白川という地域は広いが、どちらかというと白川の北端に近い標高の高い場所にある飼育所。
敷地は尾根にあり、一日中陽があたるような好立地。住宅地としたら最高の立地条件だろう。
建物は見るからに古いが、大棟に気抜きの越屋根がなく、また、ベンチレータもないという点で、赤城の南面で見てきた飼育所とは様子が異なる。
気抜きの越屋根を潰して、普通の切妻に直すというのは大変な工事だからそんなことをするとは思えず、この飼育所はもともとこのような外観だったのではないかと思う。

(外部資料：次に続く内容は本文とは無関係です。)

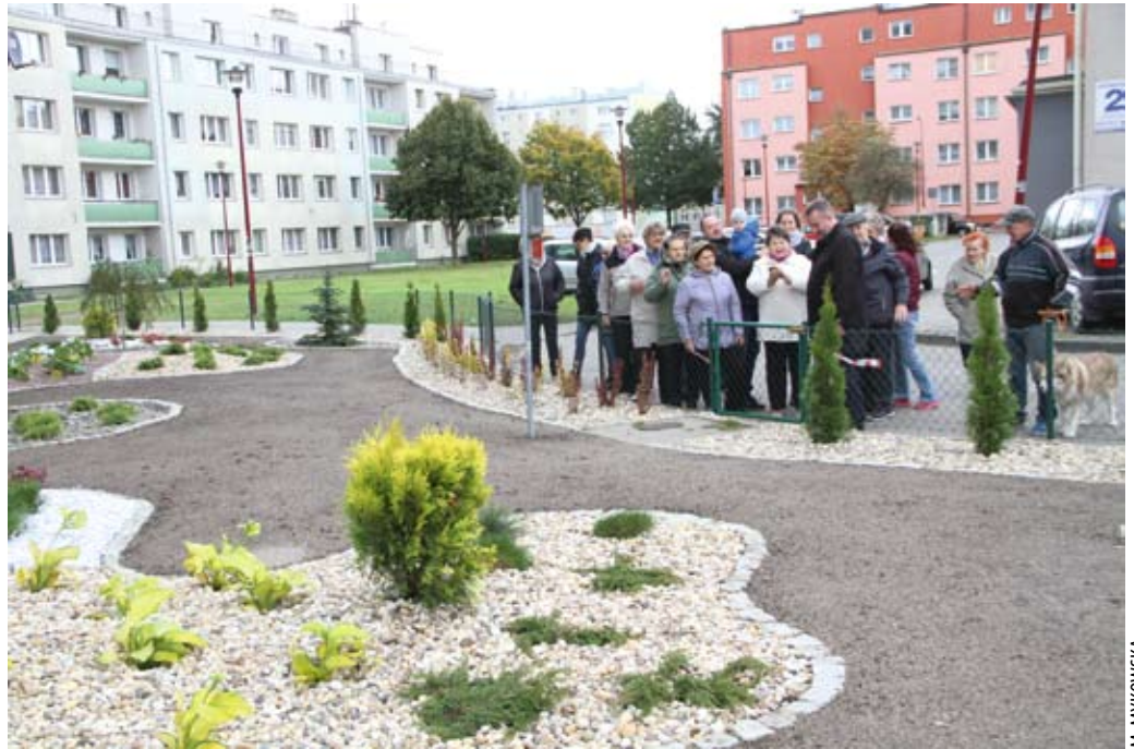
Mieszkańcy z dumą pokazywali prezydentowi nowe otoczenie swoich bloków
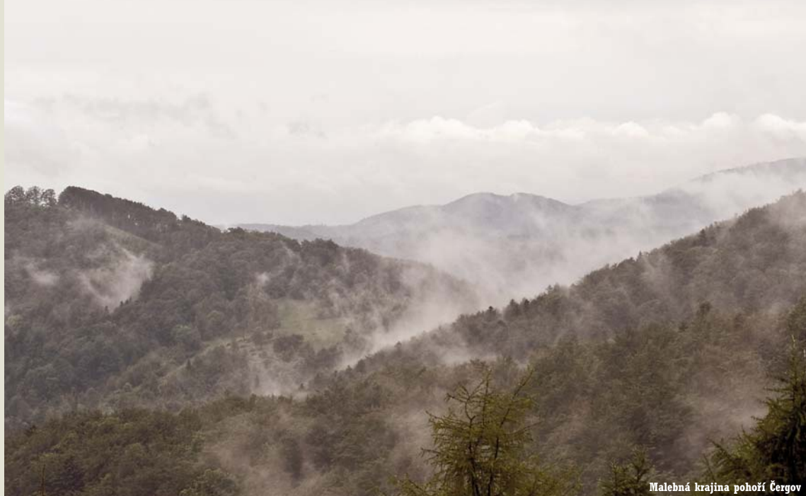
Malebná krajina pohoří Čergov

西側に宿直室がある。下見板の壁面は、創建当時のままであろう。
右側の引き違いの桟戸が作業者の出入口で、中は更衣室だったのではないかと想像される。
南側から見たところ。
赤城南面のブロック電床育の飼育所にみられたような、細い高窓ではなく、大きな引き違いのガラス窓になっている。また壁もブロックではなく、漆喰で仕上げられた土壁のようだ。

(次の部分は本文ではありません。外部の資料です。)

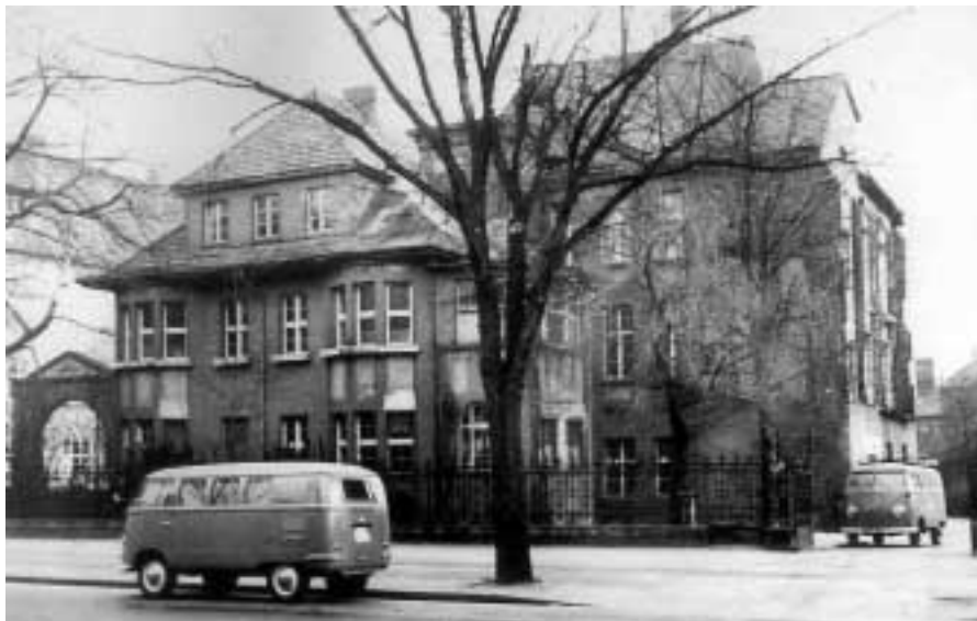
Die „Wiking-Villa“ Unter den Eichen, heute befindet sich hier ein Lebensmittel-Supermarkt

Jetzt wird's offiziell: Am 1. Oktober 1936 lässt der Modellbau-Enthusiast die Firma "Wiking Modellbau Peltzer & Peltzer" beim Berliner Amtsgericht als Offene Handelsgesellschaft ins Handelsregister eintragen. Längst kommt die Fertigung mit dem Platz in der Dahlemer Straße 77 nicht mehr aus - der Umzug in die einstige Brauerei-Dependance von Prinz Max zu Fürstenberg "Unter den Eichen 101" erweist sich als Glückstreffer. Als neuer Mieter gelingt es nach und nach, die Räume für die modellbauerische Tätigkeit vorzubereiten. Büros, Werkzeugbau, Maschinen- und Druckerei, Montage - alles lässt sich in dem Objekt unterbringen. Der Brauereibesitzer aus Donaueschingen hatte seinem Industriebetrieb eine noble Villen-Optik spendiert, die auch Jahrzehnte später noch ungeheure Strahlkraft besitzen soll.
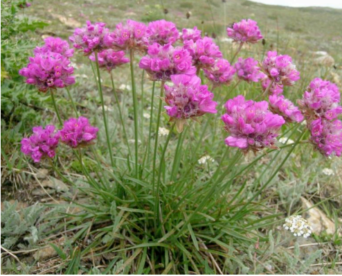
L'armeria alpina c'è solo nelle Alpi ticinesi, vallesane e grigionesi
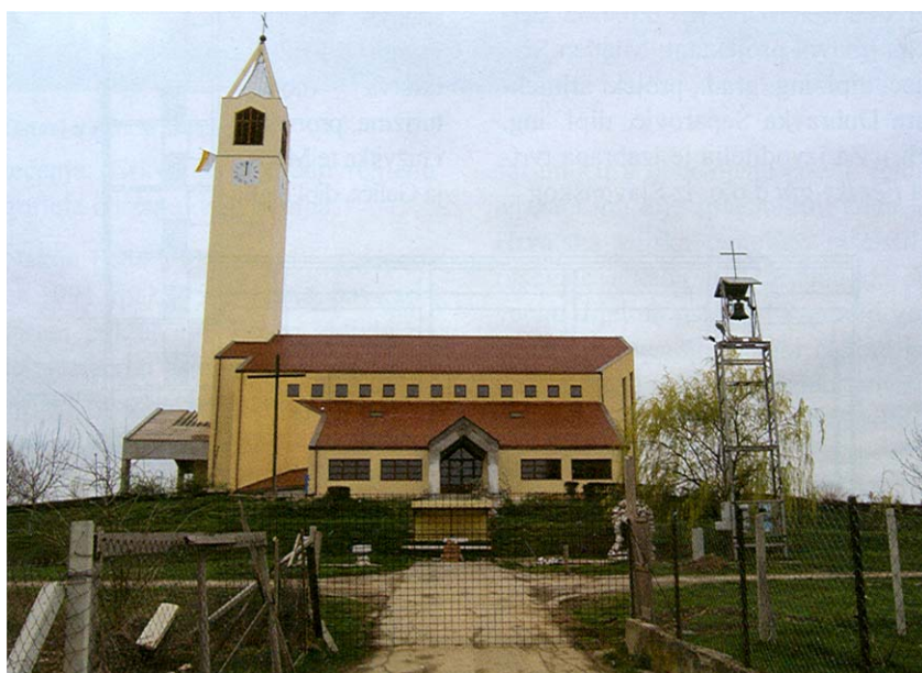
Istočno pročelje nove crkve
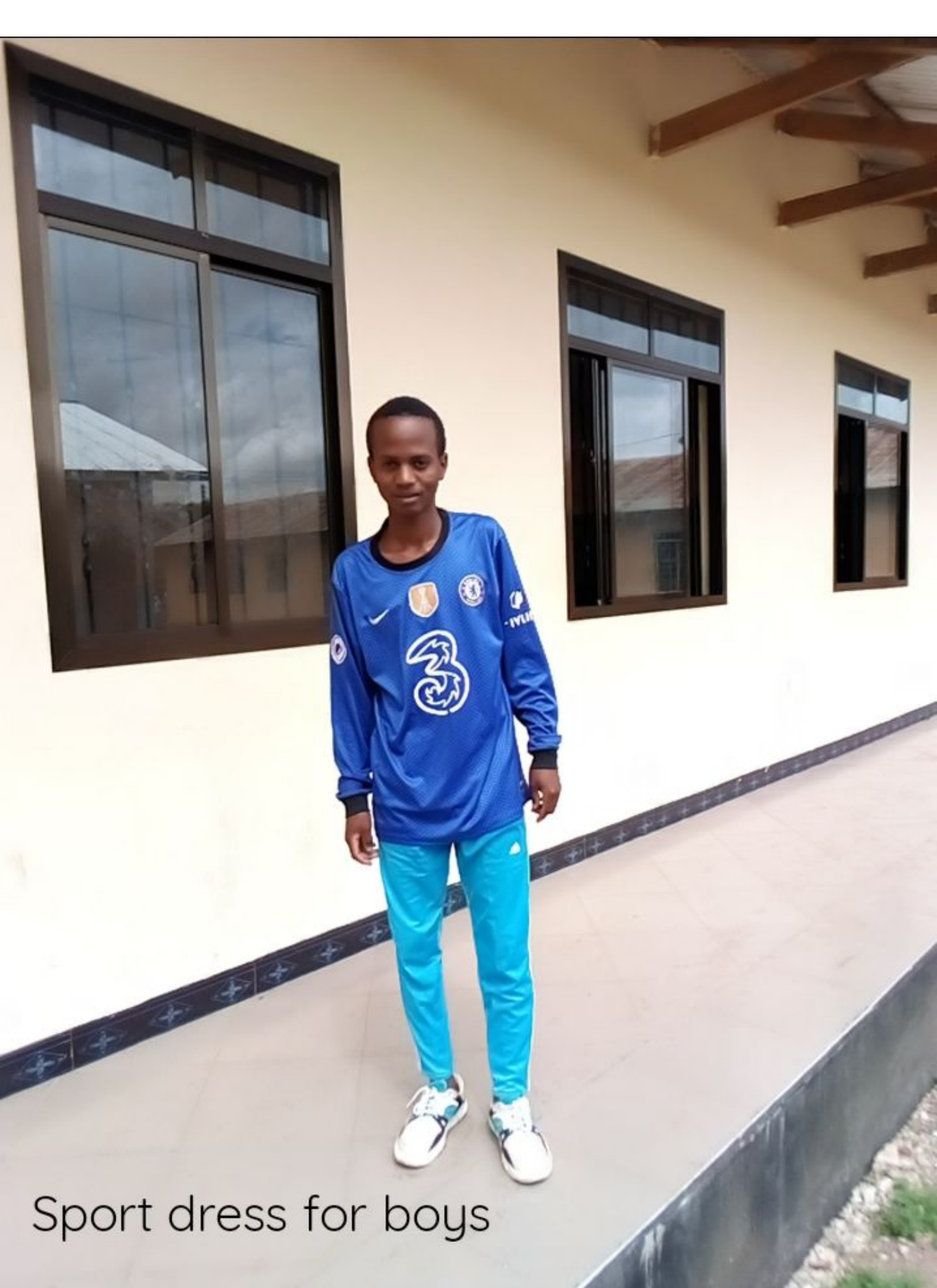
Sport dress for boys
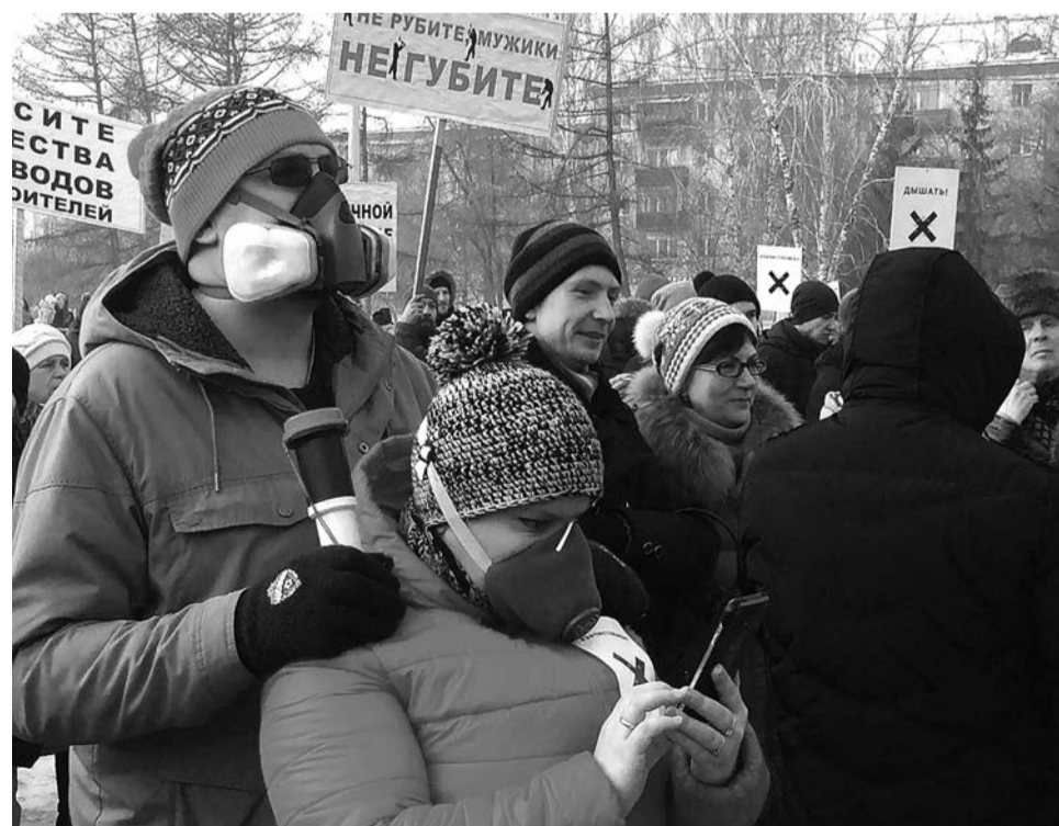
На одном из красноярских митингов за экологию. Когда их еще не запретили
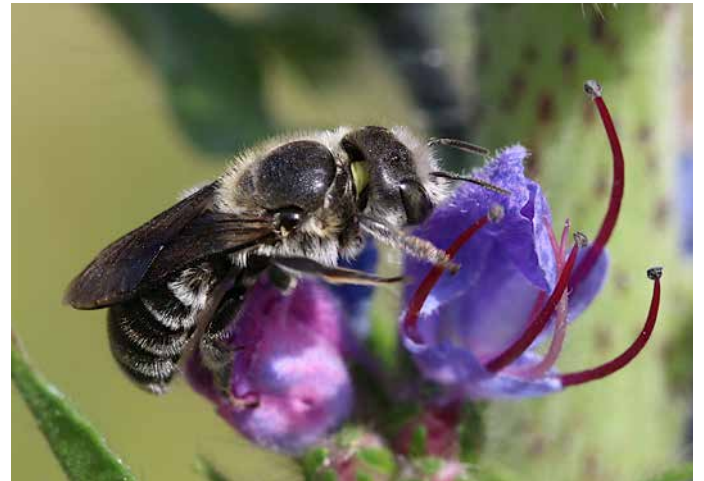
Natternkopf ( Echium vulgare )

Efeu bildet Blüten in seiner Altersform, ab einem Alter von etwa 10 Jahren. Er blüht dann im September und ist für die dann noch fliegenden Insekten, z. B. die Efeu-Seidenbiene, lebenswichtig. Die Beeren reifen gegen Ende des Winters. Darauf sind Amseln, Stare, Mönchsgrasmücken u.a. Vogelarten angewiesen.

赤城南面であれだけたくさんの飼育所をみたのに、榛名南面に来たら、とたんに違った様相が見えてくるというのは、ワクワクするではないか。
内部は木工所として使われているようだった。
おそらく土室だったと思われるが、室はすべて取り壊されて、大きな室内空間が確保されていた。
西側の入口の中の様子。
青く見えるのは挫桑機だ。
木工所になっているのに、養蚕時代の道具が捨てられずに置いてあるのが不思議だ。
宿直室の床下。
おそらく地下に貯桑室があるのだろう。
壁面の下部を見ると、土管を埋めた跡が見える。
これは内部にかつて土室があったこと物語っている。
敷地にも素焼き土管が転がっていた。
おそらく土室の上の気抜きの煙突だったものが、室を取り壊したときに捨てられたものだろう。
こうした廃材ひとつでも、気がつけば飼育所の歴史を推理する材料になる。
さらに、電床を発見。
つまりこの飼育所は、木炭や練炭を使用した土室育の飼育装置でスタートし、途中で電熱による電床育に切り替わったのだ。

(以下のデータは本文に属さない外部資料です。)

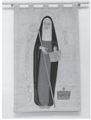
Hil. Hildegard von Bingen
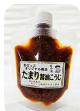
たまり醤油こうじ
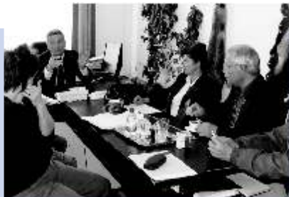
AZ UTOLSÓ ELLENŐRZÉSEK

A KIVITELEZÉSI SZERZŐDÉS ALÁÍRÁSÁNAK PILLANATAI
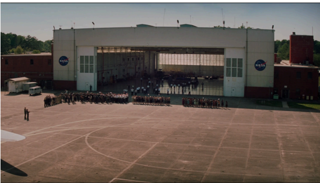
Afbeelding 19: Scene 11 waar de astronauten opgewacht worden door alle medewerkers van NASA

Een ander voorbeeld van de scheiding tussen gekleurd en blank is goed te zien in scene 11 als alle medewerkers van NASA de astronauten opwachten. Alle medewerkers staan in rijen opgesteld met een opvallende scheiding. Allereerst zien we de blanke mannen in een rij staan en vervolgens daar vlak naast de blanke vrouwen. De rij eindigt met de gekleurde vrouwen maar er is wel een groot gat gecreëerd tussen de blanke en gekleurde vrouwen. De gekleurde vrouwen staan ver gescheiden van de rest, terwijl de blanke vrouwen veel dichterbij de blanke mannen staan. Deze scheiding is goed te zien in de afbeeldingen 19 en 20. Met het camerawerk wordt hier ook extra de nadruk opgelegd doordat het een wat langer shot is waar de camera langs alle medewerkers gaat.
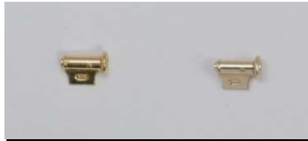
テッポウ(S)切り口横
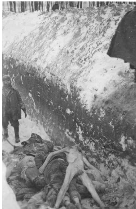
Von links oben im Uhrzeigersinn Abb. 4, 5 und 6: Im Winter 1941/42 wurde in Sommerein ein Gefangen- friedhof angelegt, wo die Toten in Massengräbern verscharrt wurden.
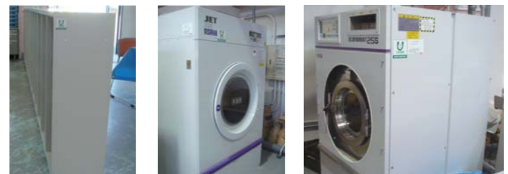
〈スチール棚〉 〈ガス式乾燥機〉 〈全自動洗濯脱水機〉
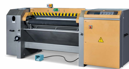
MACCHINA A SCARNARE
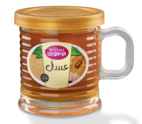
طرح ویکتوریا (۲۴۵ گرم)
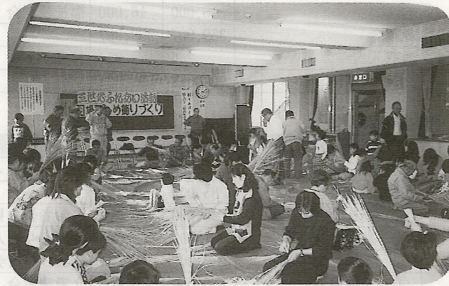
11/15 子供・大人・老人全員協力して、傑作が多くできました。
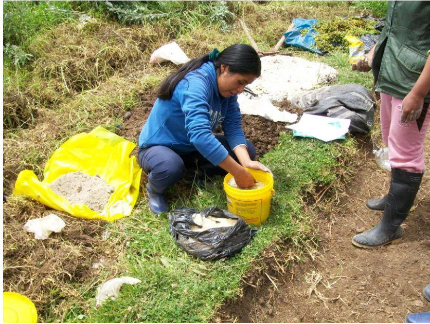
Fig 5. MEZCLA DE LOS INSUMOS PARA ELABORAR EL BOKASHI
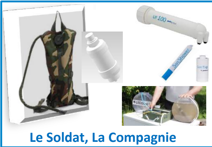
Le Soldat, La Compagnie
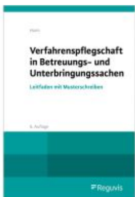
Verfahrenspflegschaft in Betreuungs- und Unterbringungssachen Ladenpreis: 29,90EUR
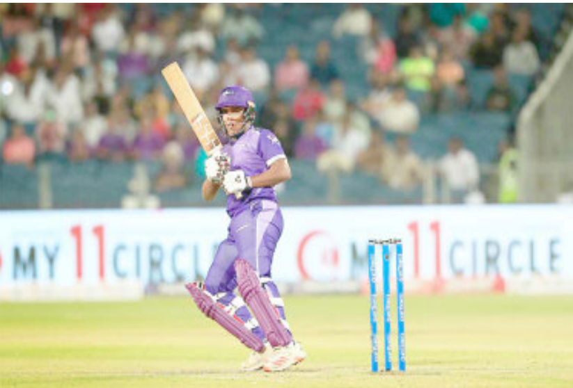
मैच खत्म करना पसंद है
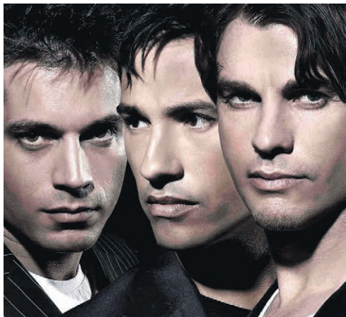
Les Worlds Apart seront à la Night.

Plus de 20 artistes des années 1980 à 2000 se produiront samedi 27 avril aux Patinoires du Littoral, à l'occasion de la Night, volume 3. Ambiance rétro, paillettes et un brin nostalgique au programme !

土室を改造して電床育にした飼育室を「土室電床育」と言うようなので、それと区別するために、このサイトではそれ以前の土室育の方式を「土室炭火育」と呼ぶことにしようと思う。
蚕座を消毒した消毒槽も残っている。
他にもなにかコンクリートの基礎があったが、これは養蚕に関係したものなのかはわからなかった。
トイレの跡かもしれない。
(2007年05月05日訪問)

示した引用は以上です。